The Kasbah of Taourirt: Ouarzazate's Beating Heart
You cannot spend a weekend trip Ouarzazate without stepping inside the Kasbah of Taourirt, which sits right in the center of the old medina along Avenue Mohammed V. This sprawling earthen fortress was once the residence of the Glaoui family, the powerful pashas who controlled southern Morocco's trade routes in the early 20th century. Walking through its labyrinth of narrow corridors and painted ceilings, you feel the weight of that history pressing down on every wall. The best time to visit is early morning, before 9 AM, when the light cuts through the upper windows at an angle that makes the carved stucco glow amber. Most tourists cluster in the main courtyard, but if you climb to the rooftop terrace on the eastern side, you get a panoramic view of the entire medina and the Atlas Mountains beyond. One detail most visitors miss is the small room on the second floor where the original painted ceiling still has traces of indigo pigment, a color that was once more expensive than gold in this region.
Advertisement
Local Insider Tip: "Ask the guard at the entrance if you can see the rooftop on the far left side of the kasbah. He usually says yes if you tip him 10 dirhams, and from up there you can see the entire old city spread out below you. No tourist brochure mentions this spot."

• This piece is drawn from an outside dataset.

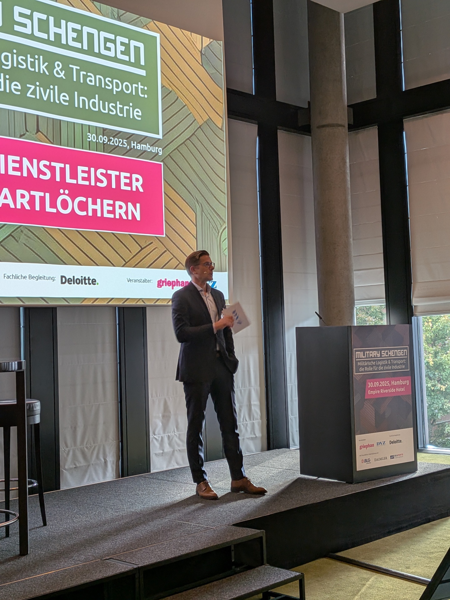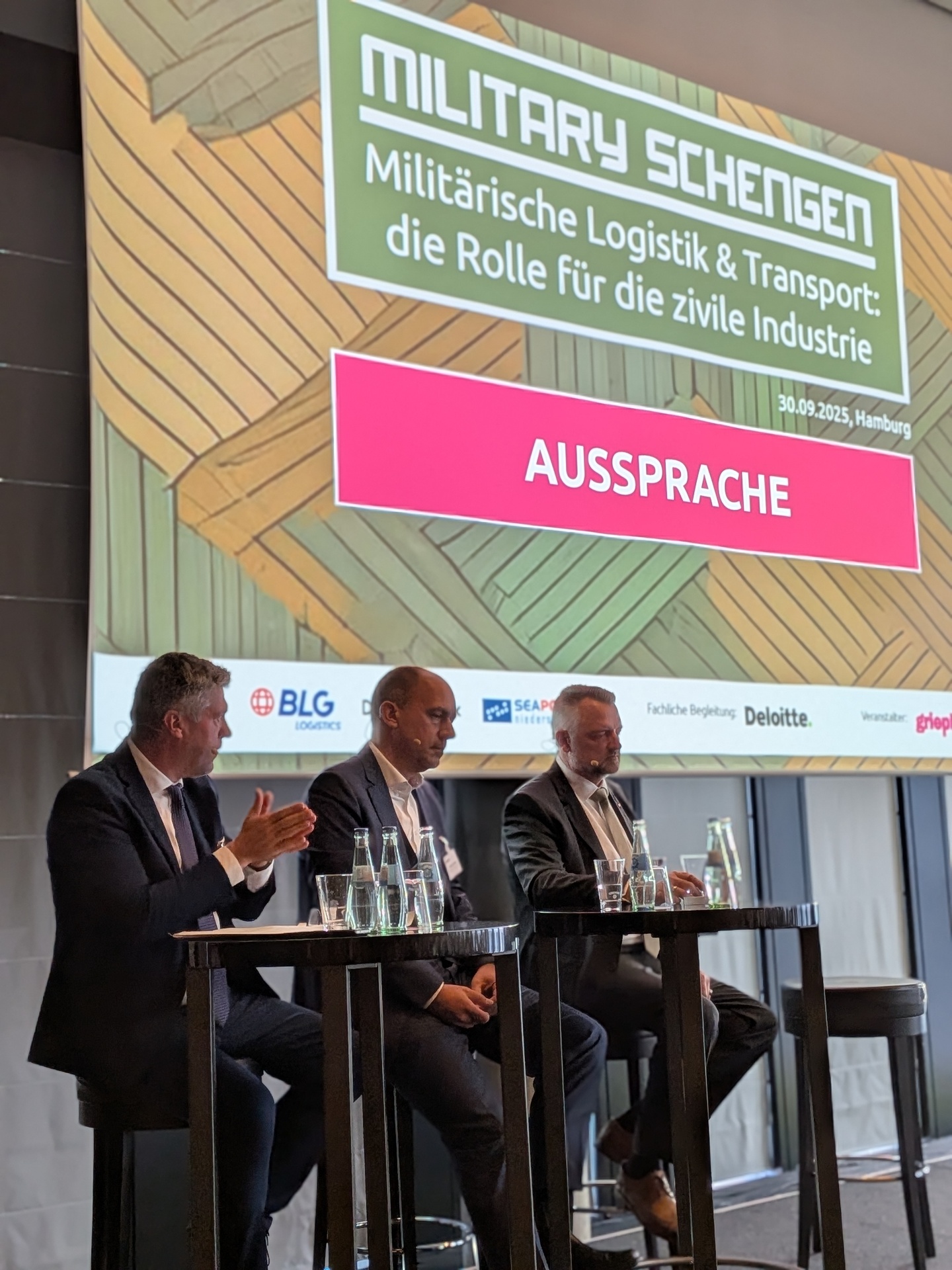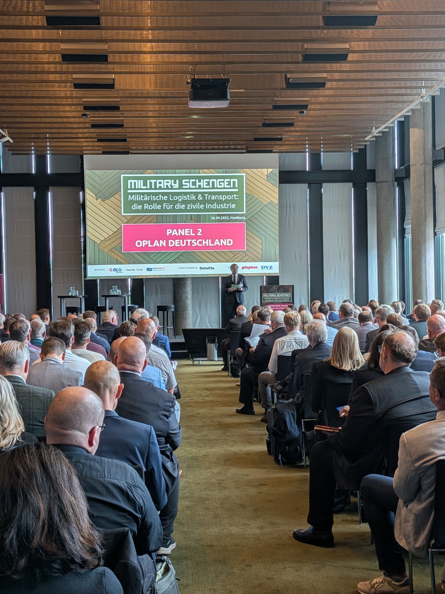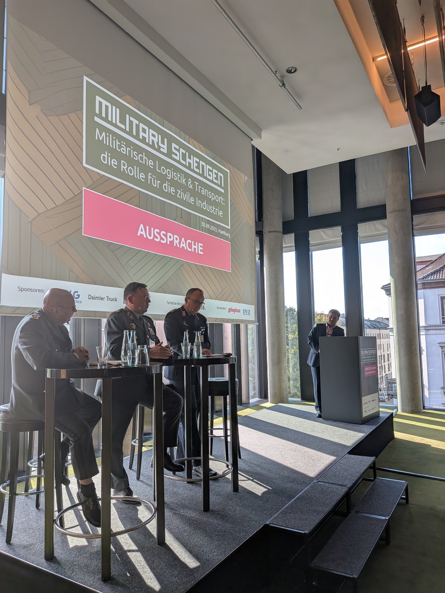 Am 30. September 2025 fand die diesjährige Veranstaltung „MILITARY SCHENGEN - Militärische Logistik & Transport“ im Empire Riverside in Hamburg mit rund 300 Teilnehmenden statt.

The kasbah connects to Ouarzazate's identity as a crossroads city, a place where Berber, Arab, and French colonial histories collide in mud-brick and plaster. It is the single most important building in the city, and spending an hour here sets the tone for everything else you will see during your short break Ouarzazate.
Advertisement
Ait Benhaddou: The UNESCO Village That Defines the Region
No Ouarzazazate 2 day itinerary is complete without a morning at Ait Benhaddou, the fortified village located about 30 kilometers west of the city along the road to Marrakech. This UNESCO World Heritage Site has appeared in more films than almost any location on Earth, including scenes from "Gladiator," "Game of Thrones," and "Lawrence of Arabia." The village rises from the banks of the Ounila River like a sandcastle frozen in time, its towers and walls built entirely from rammed earth and straw. I visited last Tuesday and spent two hours climbing through the narrow alleys, stopping at the small granary at the top where a local family sells mint tea and homemade bread for 20 dirhams. The best time to arrive is between 7 and 8 AM, before the tour buses roll in from Marrakech. By 10 AM, the main street becomes a river of selfie sticks and guided groups. One thing most tourists do not realize is that the village is still partially inhabited, and if you cross the river on the newer concrete bridge and walk up the opposite hill, you get the classic postcard view of the entire ksar without fighting a single crowd.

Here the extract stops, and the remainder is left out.